Jordon as a young boy in his first hand-powered jeep.

About two months after my birth, I was enrolled in the Up to 3 Early Intervention program at the CPD.  My (occupational) therapist was Amy Henningsen.  It is thanks to the Up to 3 program that I am able to do many of the things that I do today.  It would make life easier if  the story ended there, but it doesn’t.

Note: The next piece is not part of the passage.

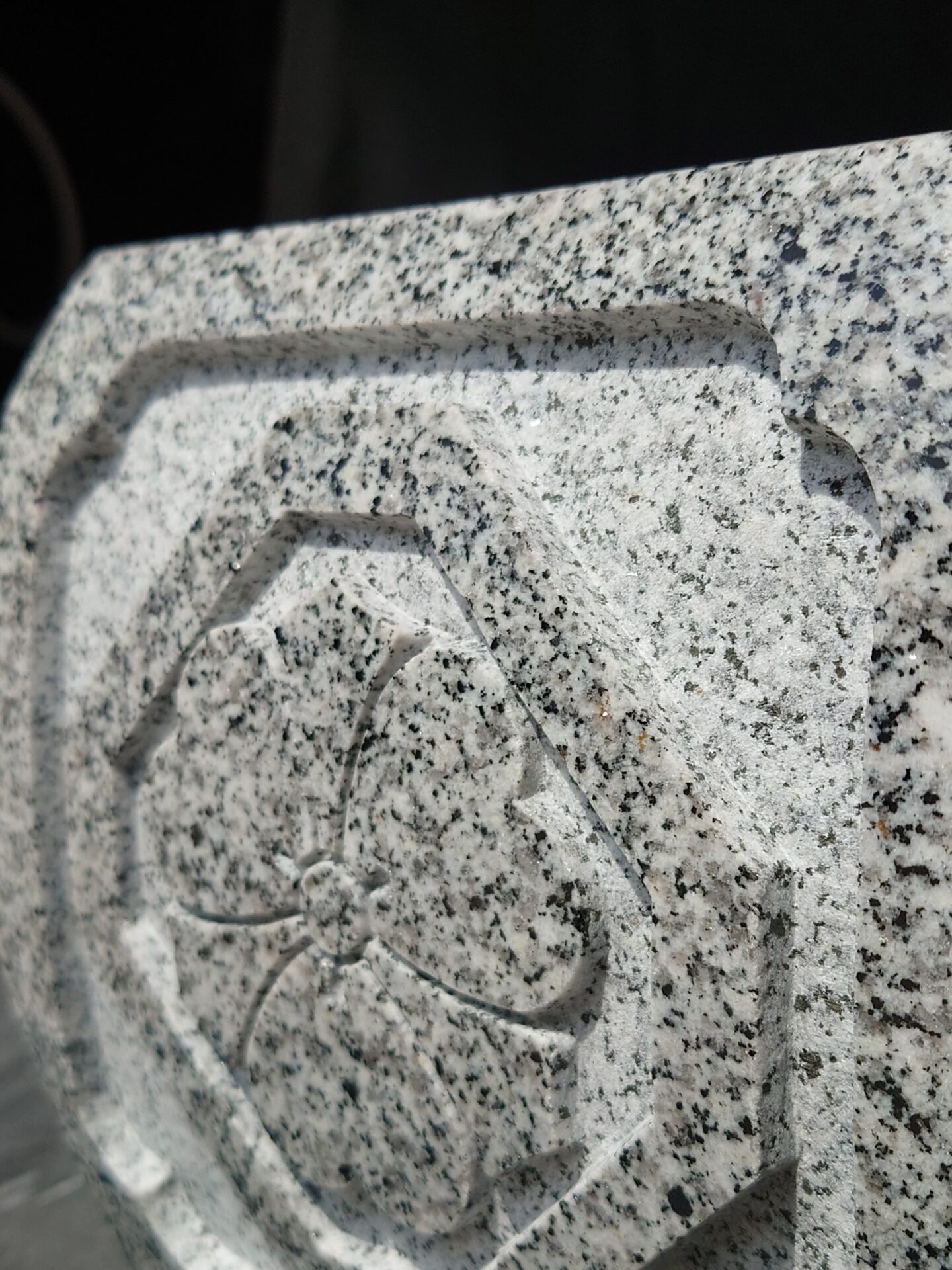 今回竿石に「〇〇家の墓」と彫らせて頂いたので、供物台は蓮を彫らせて頂きました。

You see, my experiences with the Up to 3 Program went long beyond the age of three.  In fact my experiences with the Up to 3 program still have not ended.

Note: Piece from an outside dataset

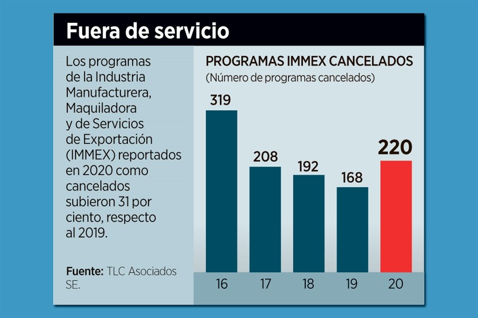 En la revisión que la Secretaría de Economía hizo este año a los programas de la Industria Manufacturera, Maquiladora y de Servicios de Exportación (IMMEX), cancelaron 220 programas, 31 por ciento más respecto a 2019.

About two years after I started going to Up to 3, my family’s way of life was forever changed when my dad was diagnosed with a cancerous brain tumor.  Six months later, my mom had a brain cyst that to this day affects her short-term memory.  If you can imagine having  three children, plus a 2-year-old with special needs, a husband who was terminally ill, and not be able to remember what happened 15 minutes ago– this was the situation my mother found herself in.

When my dad called and told my aunt what had happened, she was there immediately.  My aunt is an amazing woman. Soon she was flying from Mesa, Arizona to Logan, Utah about weekly, splitting  her time between her family and mine  and making sure our needs were taken care of.  It quickly became evident that this was all too much to put on my mom’s plate at this time.  My aunt, seeking to help my family, decided to take me home to Mesa with her.  While this did take a load off my parents, it also eliminated my parent’s ability to watch me grow. After much thought and prayer, my family decided that I needed to be in Logan where I could see my parents regularly.  The first place I stayed, the family ended up moving to Texas.  After much more praying and thinking, my family asked Amy (my OT from Up to 3) if she and her husband would be so kind as to take me in and allow me to live with them.  After talking it over with her husband, Amy said yes. Over the next four or five years I spent the weeknights at Amy’s house and weekends at home with my family.  Amy and her husband took it upon themselves to love and care for me as if I was their own child.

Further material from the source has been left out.